# [Extracted information]

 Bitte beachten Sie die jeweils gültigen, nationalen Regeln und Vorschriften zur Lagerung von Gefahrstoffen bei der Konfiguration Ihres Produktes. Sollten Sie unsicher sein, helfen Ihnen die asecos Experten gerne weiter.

---

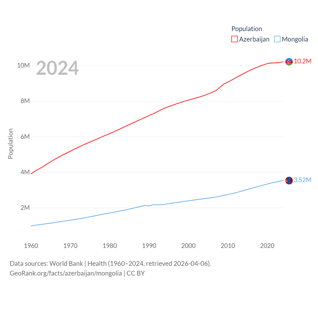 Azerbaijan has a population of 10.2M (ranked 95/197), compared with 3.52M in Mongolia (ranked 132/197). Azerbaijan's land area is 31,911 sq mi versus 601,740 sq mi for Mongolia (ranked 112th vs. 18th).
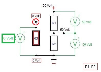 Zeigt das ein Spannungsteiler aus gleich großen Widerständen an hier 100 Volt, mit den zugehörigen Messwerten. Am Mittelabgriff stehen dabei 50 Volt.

# [What the exercise asks]
When you reach the line that has "Azerbaijan has a" in the data above, start repeating lines exactly, and stop after the line that has "Zeigt das ein"; pictures stay out.

# [Solution for this problem]
 Azerbaijan has a population of 10.2M (ranked 95/197), compared with 3.52M in Mongolia (ranked 132/197). Azerbaijan's land area is 31,911 sq mi versus 601,740 sq mi for Mongolia (ranked 112th vs. 18th).
 Zeigt das ein Spannungsteiler aus gleich großen Widerständen an hier 100 Volt, mit den zugehörigen Messwerten. Am Mittelabgriff stehen dabei 50 Volt.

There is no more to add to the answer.